Supplied information:

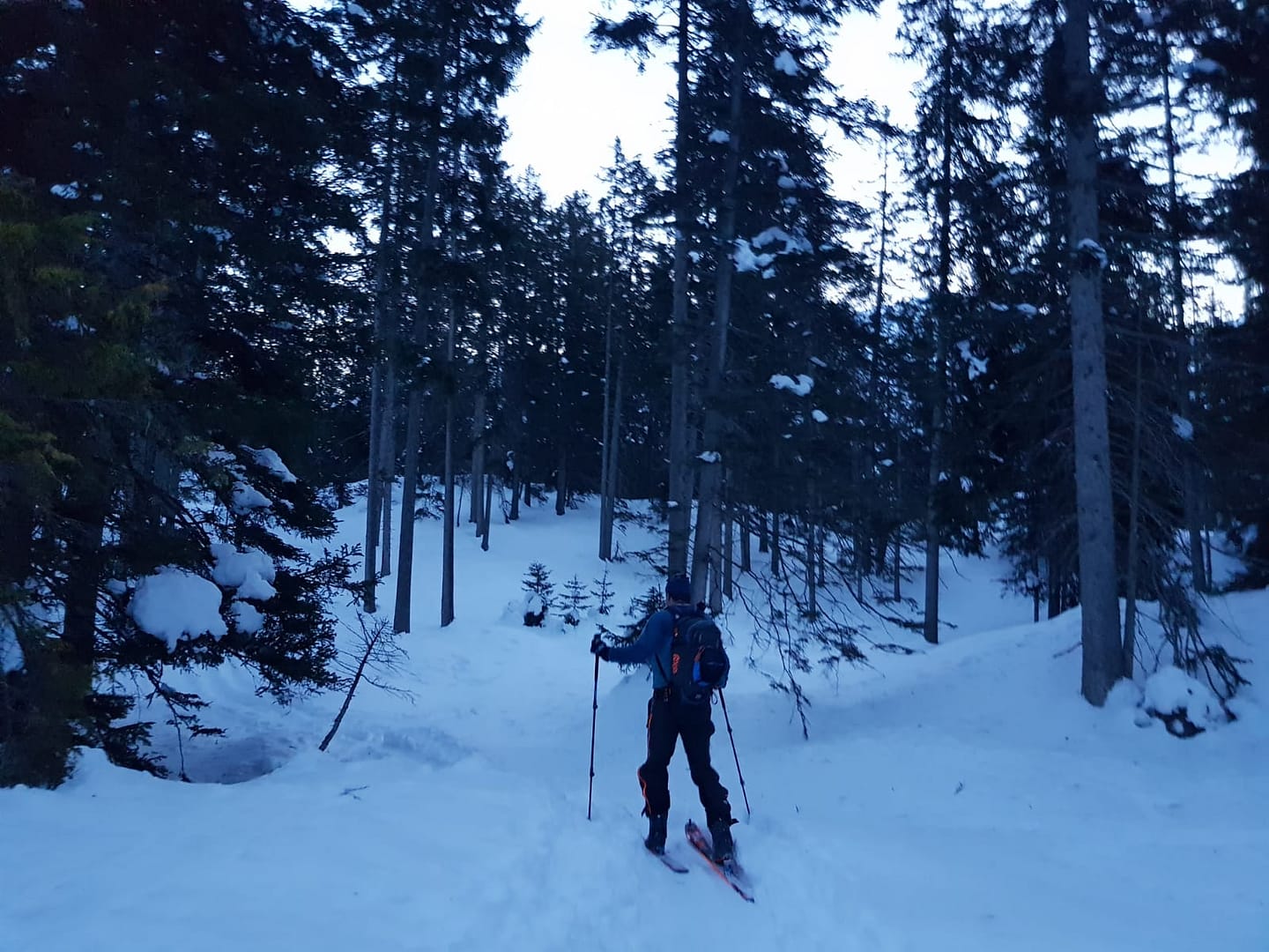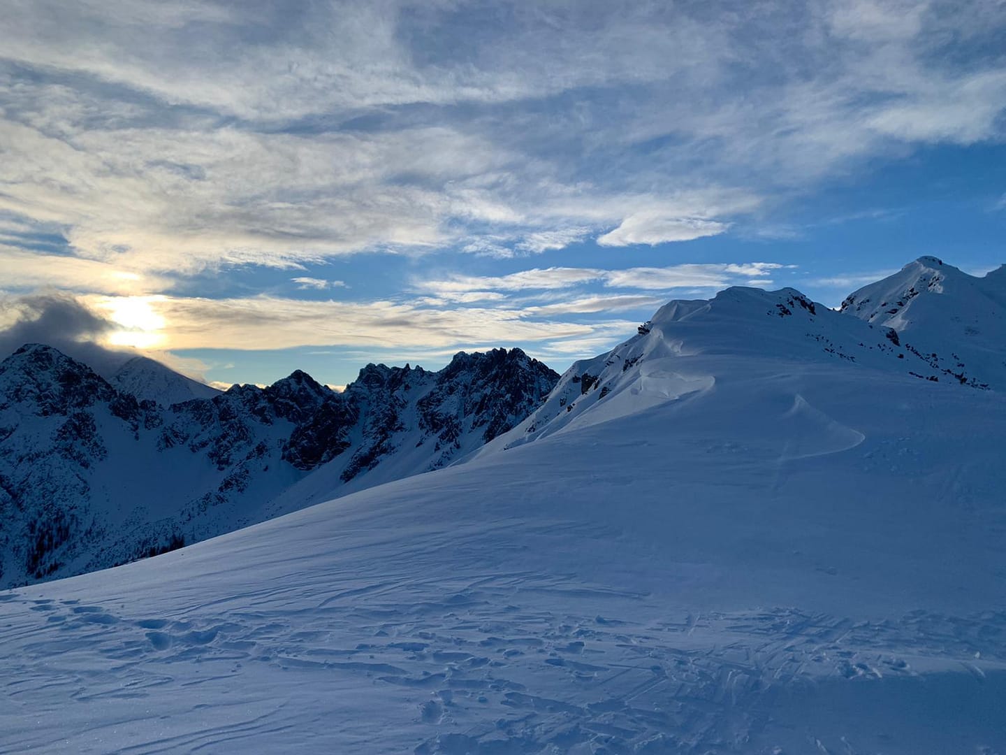 Vom Parkplatz folgen wir der Skitouren-Beschilderung und gehen entlang der Piste Richtung Hocheggalm rauf. Immer wieder gibt es Abschnitte, die man durch den Wald abkürzen kann. Ab dem Speichersee geht es weiter entlang der Piste zur Rosshütte und ab da das letzte doch recht steil hoch zum Joch. Oben angekommen genießen wir den Sonnenaufgang und den wunderschönen Ausblick.
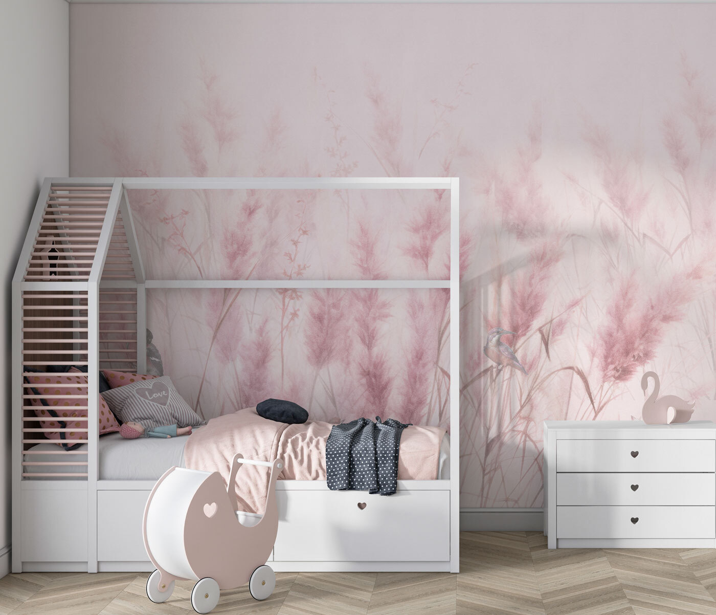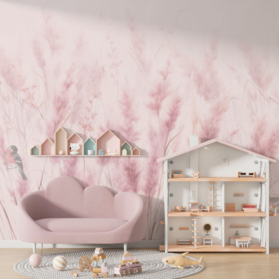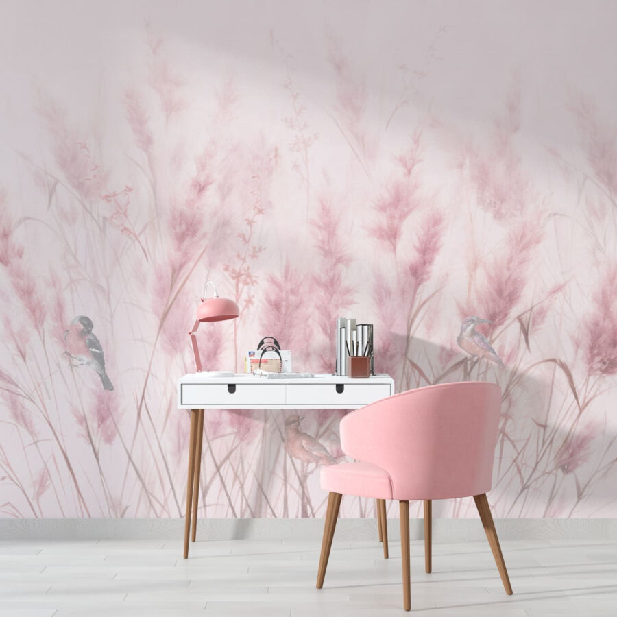 Képzelje el ezt a falán – lágyan ringatózó, puha rózsaszínű fűszálak és bájos kismadarak repkednek körülötte. Mintha egy derűs hajnali rétet hoznál a szobádba! Ez a “Madarak puha rózsaszín fű között” falfestmény tökéletes a gyerekszobába, nyugtató hangulatot adva nekik, és beindítva apró képzeletüket. De őszintén szólva, bárhol csodásan mutatna, ahol egy kis nyugalmat és természetet szeretnél – például az olvasósarokban vagy az irodádban is.
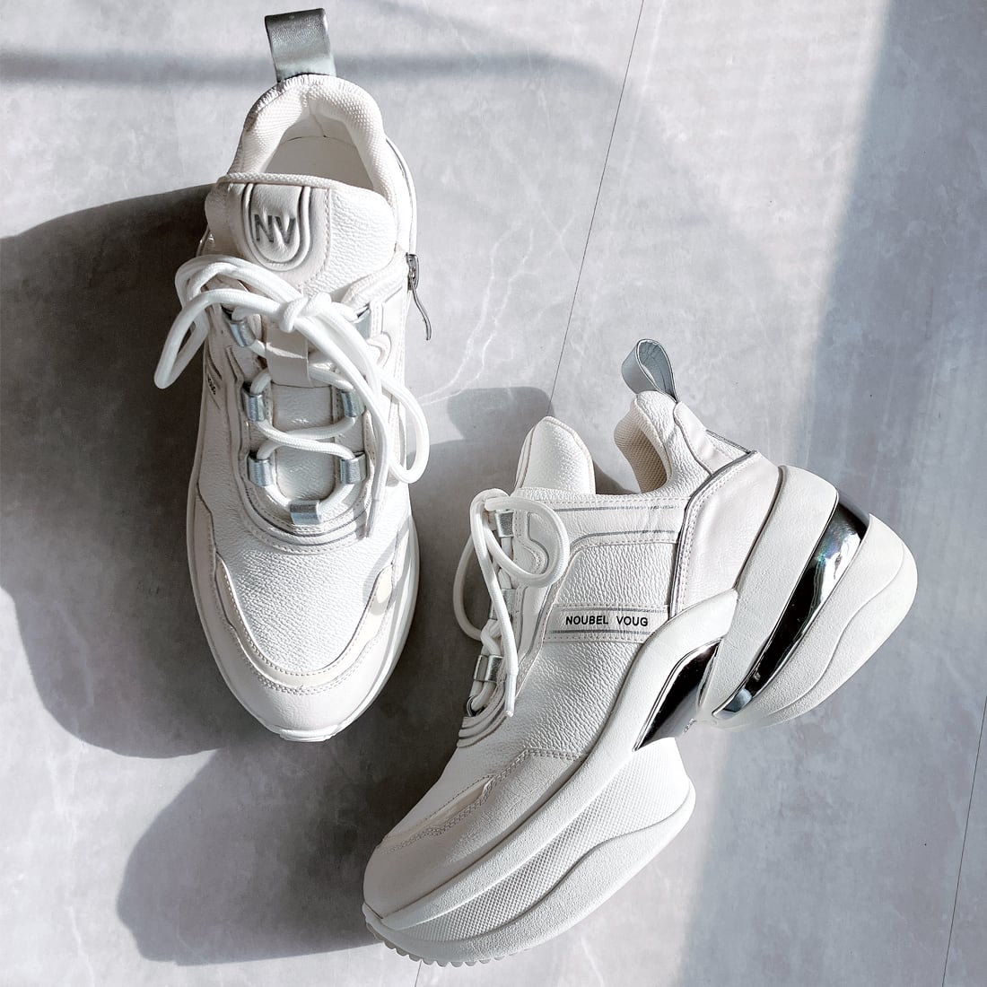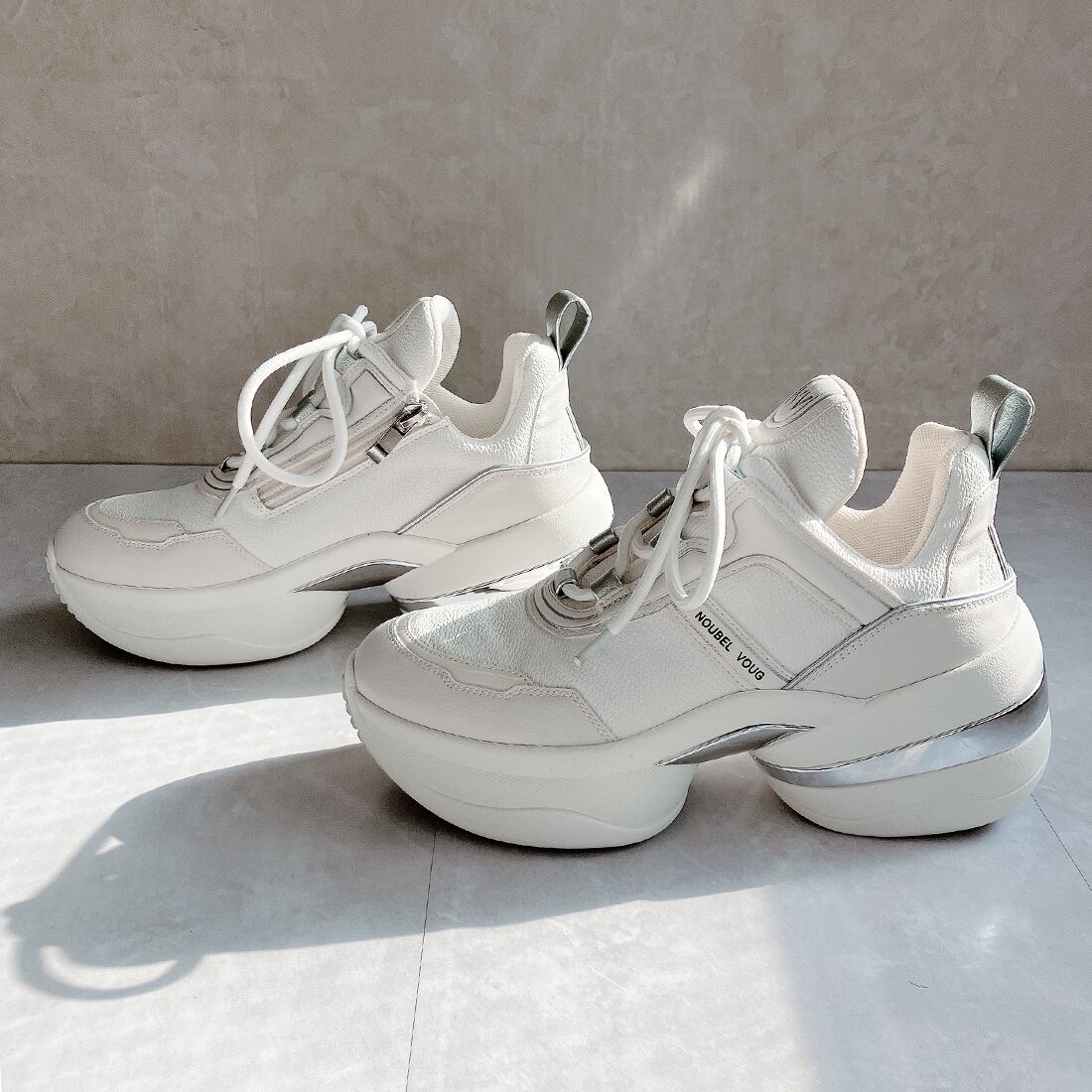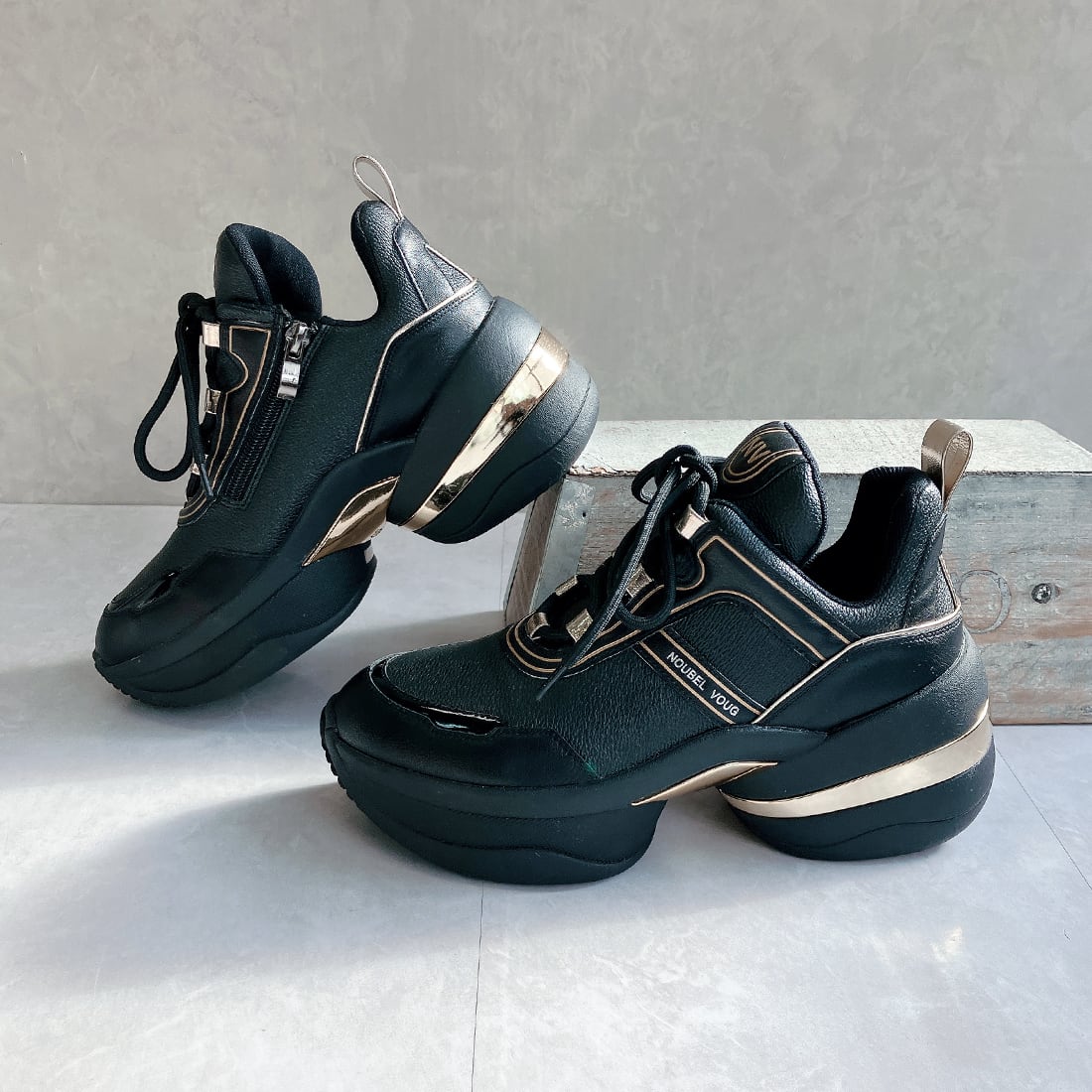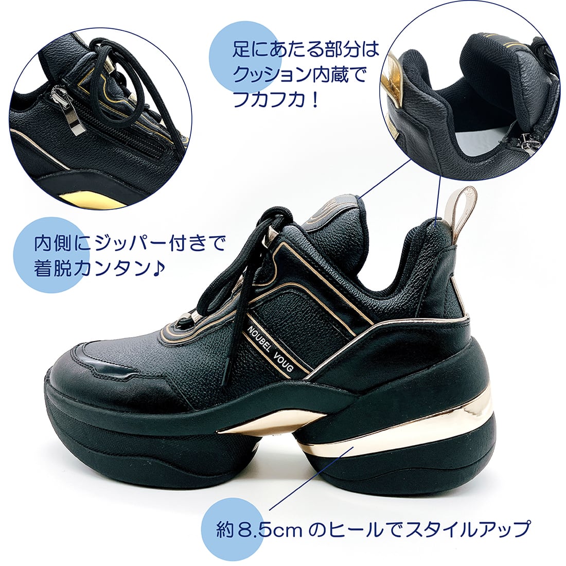 上品スニーカー サッと履ける 異素材厚底スニーカー<217-A1> Noubel Voug Relax

Task goal: Provide a precise transcription of the listing, excluding each picture.

Final answer:
 Vom Parkplatz folgen wir der Skitouren-Beschilderung und gehen entlang der Piste Richtung Hocheggalm rauf. Immer wieder gibt es Abschnitte, die man durch den Wald abkürzen kann. Ab dem Speichersee geht es weiter entlang der Piste zur Rosshütte und ab da das letzte doch recht steil hoch zum Joch. Oben angekommen genießen wir den Sonnenaufgang und den wunderschönen Ausblick.
 Képzelje el ezt a falán – lágyan ringatózó, puha rózsaszínű fűszálak és bájos kismadarak repkednek körülötte. Mintha egy derűs hajnali rétet hoznál a szobádba! Ez a “Madarak puha rózsaszín fű között” falfestmény tökéletes a gyerekszobába, nyugtató hangulatot adva nekik, és beindítva apró képzeletüket. De őszintén szólva, bárhol csodásan mutatna, ahol egy kis nyugalmat és természetet szeretnél – például az olvasósarokban vagy az irodádban is.
 上品スニーカー サッと履ける 異素材厚底スニーカー<217-A1> Noubel Voug Relax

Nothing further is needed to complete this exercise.